Question

The International Air Transport Association surveys business travelers to develop quality ratings for transatlantic gateway airports. The maximum possible rating is 10. Suppose a simple random sample of 50 business travelers is selected and each traveler is asked to provide a rating for the Miami International Airport. The ratings obtained from the sample of 50 business travelers follow.
Click on the datafile logo to reference the data.
6 4 6 8 7 7 6 3 3 8 10 4 8
7 8 7 5 9 5 8 4 3 8 5 5 4
4 4 8 4 5 6 2 5 9 9 8 4 8
9 9 5 9 7 8 3 10 8 9 6
Develop a 95% confidence interval estimate of the population mean rating for Miami. If required, round your answers to two decimal places.

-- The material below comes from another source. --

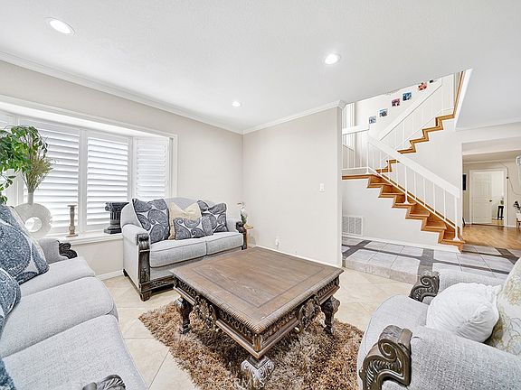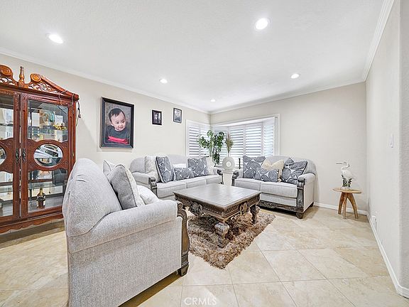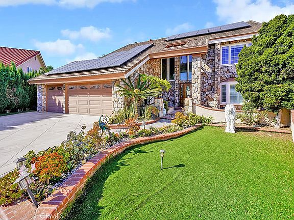 Rare Find in the heart of Fountain Valley. This lovely home boasts two primary suites, one upstairs and one downstairs, nestled in a peaceful interior cul-de-sac location. It features a spacious three-car garage, a tile roof, and eco-friendly solar panels that are paid off. From the moment you enter through the custom wood door with leaded glass inlays, you'll notice the and the elegant stone and wood flooring. Crown molding, bullnose corners, dual-pane windows, and mirrored wardrobes adorn every corner. The living room features a charming front bay window, while the adjacent formal dining area showcases a custom chandelier.
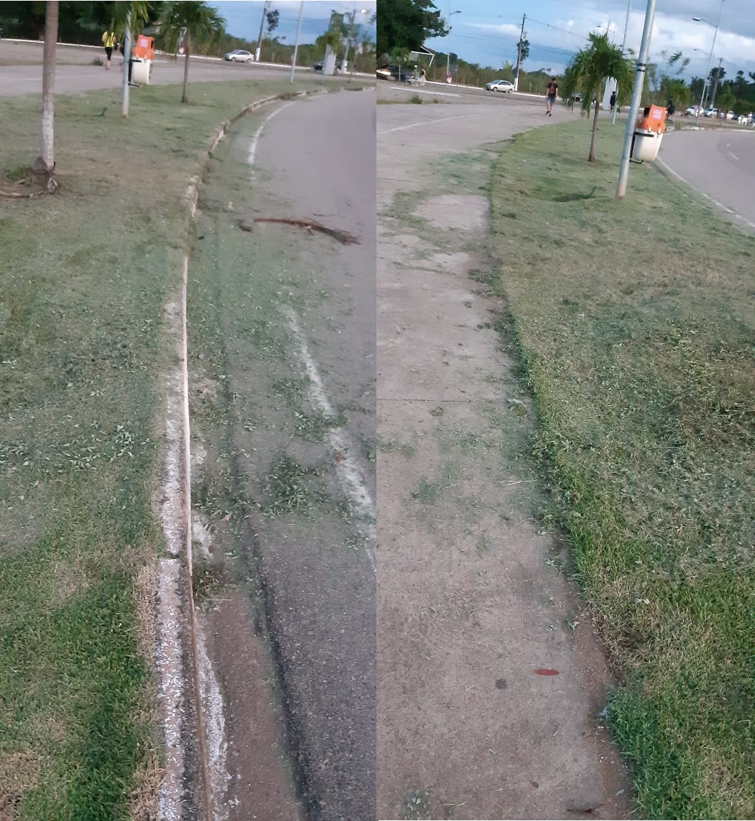 As fotos mostram como é o resultado do trabalho de equipe que atua sem comando. A grama foi cortada e a sujeira deixada de lado. Provavelmente a intenção seria aguardar uma chuva que carregue o lixo para os bueiros. Deu certo. A chuva chegou pra valer desde às 5h15 da manhã desta sexta-feira.

Do not round intermediate calculations.

Answer 1

Answer:

The 95% confidence interval estimate of the population mean rating for Miami is (5.7, 7.0).

Step-by-step explanation:

The (1 - α)% confidence interval for the population mean, when the population standard deviation is not provided is:

$CI=\bar x\pm t_{\alpha/2, (n-1)}\cdot\ \frac{s}{\sqrt{n}}$

The sample selected is of size, n = 50.

The critical value of t for 95% confidence level and (n - 1) = 49 degrees of freedom is:

$t_{\alpha/2, (n-1)}=t_{0.05/2, 49}=2.000$

*Use a t-table.

Compute the sample mean and sample standard deviation as follows:

$\bar x=\frac{1}{n}\sum {x}=\frac{1}{50}\times [6+4+6+...+9+6]=6.34\\\\s=\sqrt{\frac{1}{n-1}\sum (x-\bar x)^{2}}=\sqrt{\frac{1}{50-1}\times 229.22}=2.163$

Compute the 95% confidence interval estimate of the population mean rating for Miami as follows:

$CI=\bar x\pm t_{\alpha/2, (n-1)}\cdot\ \frac{s}{\sqrt{n}}$

     $=6.34\pm 2.00\times\frac{2.163}{\sqrt{50}}\\\\=6.34\pm 0.612\\\\=(5.728, 6.952)\\\\\approx(5.7, 7.0)$

Thus, the 95% confidence interval estimate of the population mean rating for Miami is (5.7, 7.0).